なにより私の心を折りに来たのはやはり、そこにも私と同じ種類も顔が大量に発見されたことだ。
今までとは違い、私以外の女の子や男の人のも確認できたが、全員一様にそこに埋め込まれた後悔と生き地獄に顔を歪ませていた。
化け物は次第に、大量の触手を体内から放出し、さっきまで私がいた廊下へと侵略を開始していく。
私は、ソイツが十分離れたのを確認し、無意識のうちにその先の安全確保も碌にしないで走り出していた。
あんな目に遭いたくない。
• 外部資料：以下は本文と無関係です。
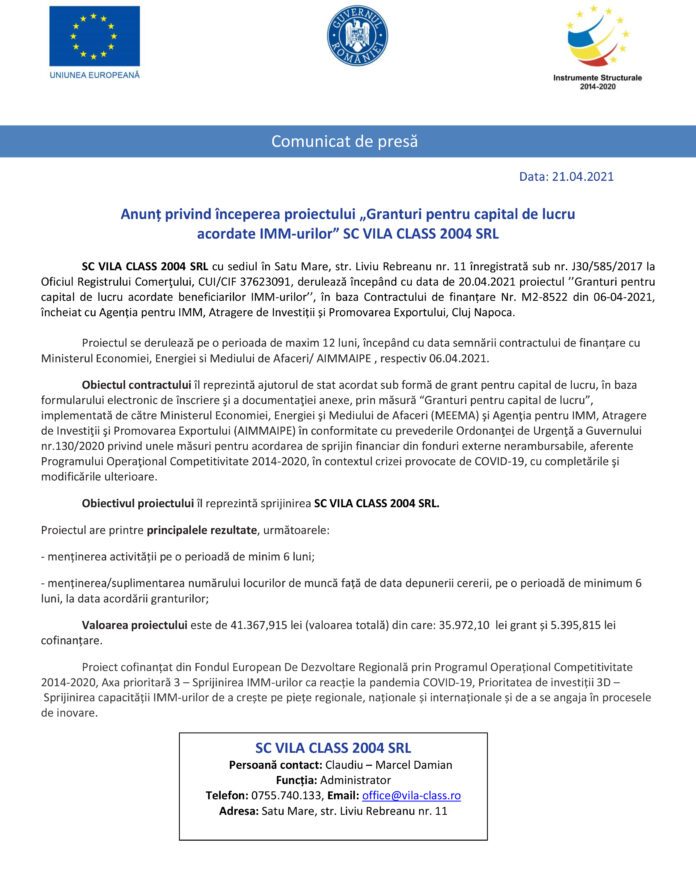 SC VILA CLASS 2004 SRL cu sediul în Satu Mare, str. Liviu Rebreanu nr. 11 înregistrată sub nr. J30/585/2017 la Oficiul Registrului Comerţului, CUI/CIF 37623091, derulează începând cu data de 20.04.2021 proiectul ’’Granturi pentru capital de lucru acordate beneficiarilor IMM-urilor’’, în baza Contractului de finanțare Nr. M2-8522 din 06-04-2021, încheiat cu Agenția pentru IMM, Atragere de Investiții și Promovarea Exportului, Cluj Napoca.

あんな化け物に勝てるわけが無い。
そんなネガティブな感情が頭を支配する。
だけど、それも仕方の無い事だろう。
とっくのとうにここの安全は崩壊してしまっている。
ここは想像以上に危険な事になっていて、すでに戦場で、大人たちはこの事態に対処出来ていない。
私は、命の保証がされていないみーちゃんの元へと急いだ。
*
私は焦る気持ちで3階、みーちゃんがいる階層に足を踏み入れた。
幸いにも下の方は比較的、あの化け物が居ないという事を除けば安全だった。
ただ、ここにも敵がいた。
廊下を歩いて行った突き当りの向こう。
明滅する非常灯に、敵の影が点滅するように現れていた。
────キャハハハハハハハハハハハ
耳障りな音が廊下に響く。
ばれないように角の向こうを覗き込んでみると、声の主はまた新しい顔の人間だった。
私と違って、桃色の髪をした少女。
背丈はみーちゃんと同じくらい。おそらく、10歳くらいだろうか。
元は同じ患者だったのかもしれないが、もはや同族だとは思えないほどその姿は狂気に染まっていた。
何かに突き動かされているような、そんな止めようのない熱気。
その熱に浮かされて、桃色髪の少女は白衣を着た男に馬乗りになり、自身の体ほどの極彩色の槍を軽々しく扱い、それで男の体を、何度も何度も突き刺していた。
周囲を見渡せば同じような被害に遭った私と同じ顔の種類の患者と、職員の死体を確認できた。
しかも、その意思な槍は何本か突き刺さったままになっている。
しばらく様子を見ていると、刺し殺すのにも飽きたのか、少女はまだきれいな扉の方へ向かう。
そこはみーちゃんの病室だった。
────戦うしか、ない。
敵は自身の槍で扉を強引に突破しようとしていた。
扉に攻撃が加えられていく度に中にいるみーちゃんの悲鳴が聴こえてくる。
通路に刺さっていた槍を抜く。
私にとっては軽々しく振るえないほど重かったが問題ない。
桃色髪の少女は、もう部屋の中に入っていた。
私は後ろからばれないよう近づき────敵の虚を突き、
「がはっ────!?」
槍で頭を薙ぎ払った。
断末魔は敵のもので、不意の一撃によって呆気なく敵は向こうへ倒れていった。
人を殺したという不快感が一瞬で体を支配するが、知ったことか。
友達の方が大事だ。
「みーちゃん大丈夫!?」
脅威は排除した。
すぐに友達の安否を確認する。
彼女はベッドの上で丸まっていた。
けがは無し。無事だった。
「────おねえちゃん?」
その彼女が両手でおおわれていた顔を見せる。
装置によって今まで見ることができなかった素顔をのぞかせる。
予想はついていた。この階にいるのだから当然だ。
眼の前にある顔は小学4年生の頃の私と同じ顔だった。